DATASET ENTRIES.
+ + +
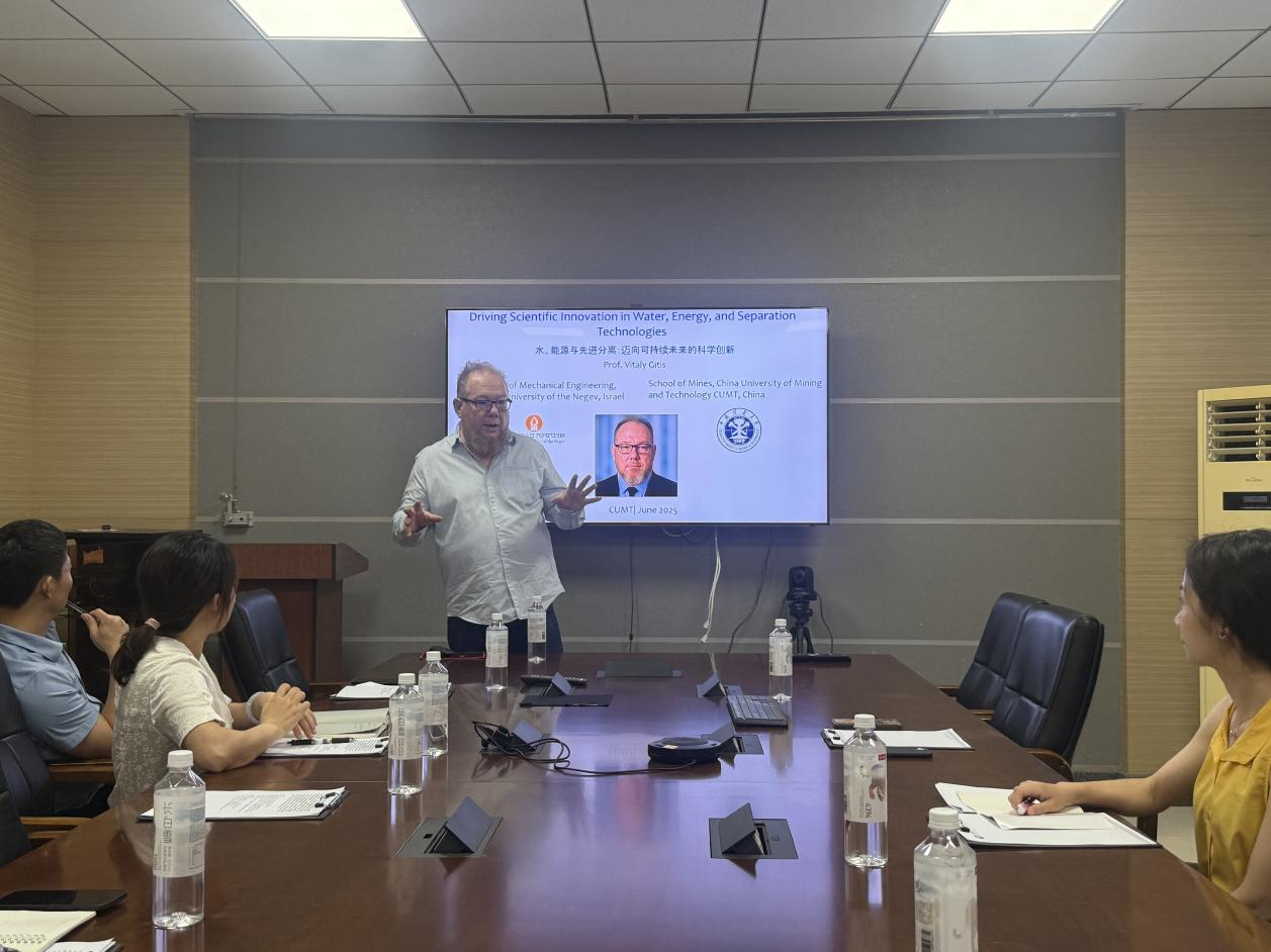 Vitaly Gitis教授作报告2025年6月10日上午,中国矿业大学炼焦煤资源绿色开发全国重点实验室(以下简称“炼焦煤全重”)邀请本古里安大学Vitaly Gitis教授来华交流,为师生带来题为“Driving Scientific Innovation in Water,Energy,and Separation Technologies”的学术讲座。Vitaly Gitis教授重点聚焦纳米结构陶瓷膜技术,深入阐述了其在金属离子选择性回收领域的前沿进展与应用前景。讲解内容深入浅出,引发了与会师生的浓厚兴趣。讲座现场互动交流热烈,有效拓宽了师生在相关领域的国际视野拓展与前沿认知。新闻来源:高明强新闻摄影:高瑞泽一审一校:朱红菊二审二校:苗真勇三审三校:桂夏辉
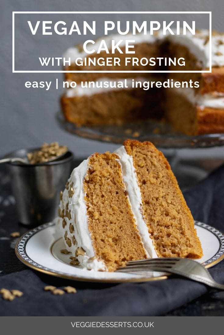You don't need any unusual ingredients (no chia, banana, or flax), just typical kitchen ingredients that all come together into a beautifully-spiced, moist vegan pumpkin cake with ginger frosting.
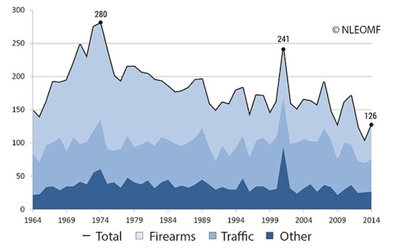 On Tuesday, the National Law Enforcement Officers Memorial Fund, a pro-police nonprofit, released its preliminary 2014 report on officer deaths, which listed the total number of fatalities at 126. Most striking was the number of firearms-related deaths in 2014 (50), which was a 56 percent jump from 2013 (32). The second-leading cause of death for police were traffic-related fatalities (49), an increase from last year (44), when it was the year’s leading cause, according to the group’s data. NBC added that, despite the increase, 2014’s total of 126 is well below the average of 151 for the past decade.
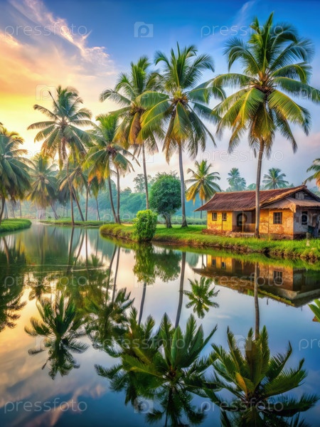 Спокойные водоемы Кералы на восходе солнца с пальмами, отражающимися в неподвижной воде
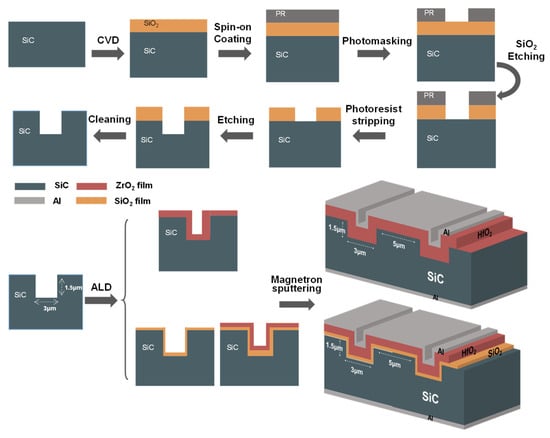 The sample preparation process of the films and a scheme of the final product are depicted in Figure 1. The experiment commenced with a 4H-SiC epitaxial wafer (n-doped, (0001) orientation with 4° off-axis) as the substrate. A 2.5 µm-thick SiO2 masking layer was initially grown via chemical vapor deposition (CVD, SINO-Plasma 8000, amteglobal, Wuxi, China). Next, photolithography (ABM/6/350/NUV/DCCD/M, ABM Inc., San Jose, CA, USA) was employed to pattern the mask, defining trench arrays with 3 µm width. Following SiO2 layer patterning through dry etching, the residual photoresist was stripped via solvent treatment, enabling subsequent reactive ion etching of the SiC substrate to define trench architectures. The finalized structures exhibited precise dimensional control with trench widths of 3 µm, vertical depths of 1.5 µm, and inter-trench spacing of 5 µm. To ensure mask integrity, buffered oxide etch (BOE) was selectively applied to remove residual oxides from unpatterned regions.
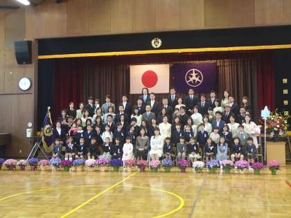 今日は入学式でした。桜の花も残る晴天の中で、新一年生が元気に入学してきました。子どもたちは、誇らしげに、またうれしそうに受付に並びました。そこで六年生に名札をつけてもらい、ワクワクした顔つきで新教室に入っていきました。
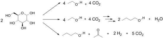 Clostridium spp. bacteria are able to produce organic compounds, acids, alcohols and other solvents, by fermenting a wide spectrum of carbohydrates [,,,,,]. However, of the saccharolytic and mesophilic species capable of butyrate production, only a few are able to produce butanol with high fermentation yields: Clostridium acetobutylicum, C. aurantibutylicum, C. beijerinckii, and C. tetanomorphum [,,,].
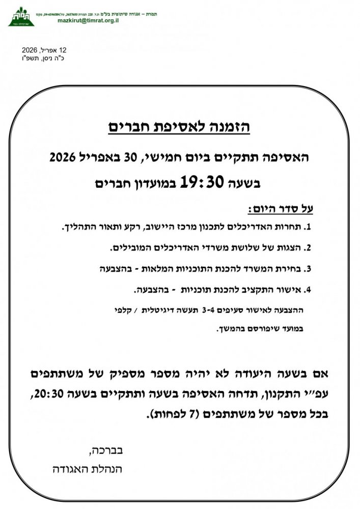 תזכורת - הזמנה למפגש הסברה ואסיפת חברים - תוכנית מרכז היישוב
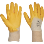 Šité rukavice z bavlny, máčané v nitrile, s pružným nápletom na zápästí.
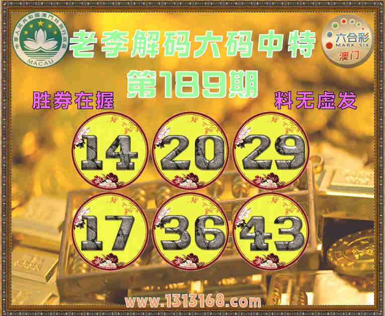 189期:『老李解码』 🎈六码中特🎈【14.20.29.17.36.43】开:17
+ + +
TASK PROMPT. The reply should hold exactly the lines above, starting at the line with "On Tuesday, the" and ending at the line with "今日は入学式でした。桜の花も", and no pictures.

RESULT OF THE TASK.
 On Tuesday, the National Law Enforcement Officers Memorial Fund, a pro-police nonprofit, released its preliminary 2014 report on officer deaths, which listed the total number of fatalities at 126. Most striking was the number of firearms-related deaths in 2014 (50), which was a 56 percent jump from 2013 (32). The second-leading cause of death for police were traffic-related fatalities (49), an increase from last year (44), when it was the year’s leading cause, according to the group’s data. NBC added that, despite the increase, 2014’s total of 126 is well below the average of 151 for the past decade.
 Спокойные водоемы Кералы на восходе солнца с пальмами, отражающимися в неподвижной воде
 The sample preparation process of the films and a scheme of the final product are depicted in Figure 1. The experiment commenced with a 4H-SiC epitaxial wafer (n-doped, (0001) orientation with 4° off-axis) as the substrate. A 2.5 µm-thick SiO2 masking layer was initially grown via chemical vapor deposition (CVD, SINO-Plasma 8000, amteglobal, Wuxi, China). Next, photolithography (ABM/6/350/NUV/DCCD/M, ABM Inc., San Jose, CA, USA) was employed to pattern the mask, defining trench arrays with 3 µm width. Following SiO2 layer patterning through dry etching, the residual photoresist was stripped via solvent treatment, enabling subsequent reactive ion etching of the SiC substrate to define trench architectures. The finalized structures exhibited precise dimensional control with trench widths of 3 µm, vertical depths of 1.5 µm, and inter-trench spacing of 5 µm. To ensure mask integrity, buffered oxide etch (BOE) was selectively applied to remove residual oxides from unpatterned regions.
 今日は入学式でした。桜の花も残る晴天の中で、新一年生が元気に入学してきました。子どもたちは、誇らしげに、またうれしそうに受付に並びました。そこで六年生に名札をつけてもらい、ワクワクした顔つきで新教室に入っていきました。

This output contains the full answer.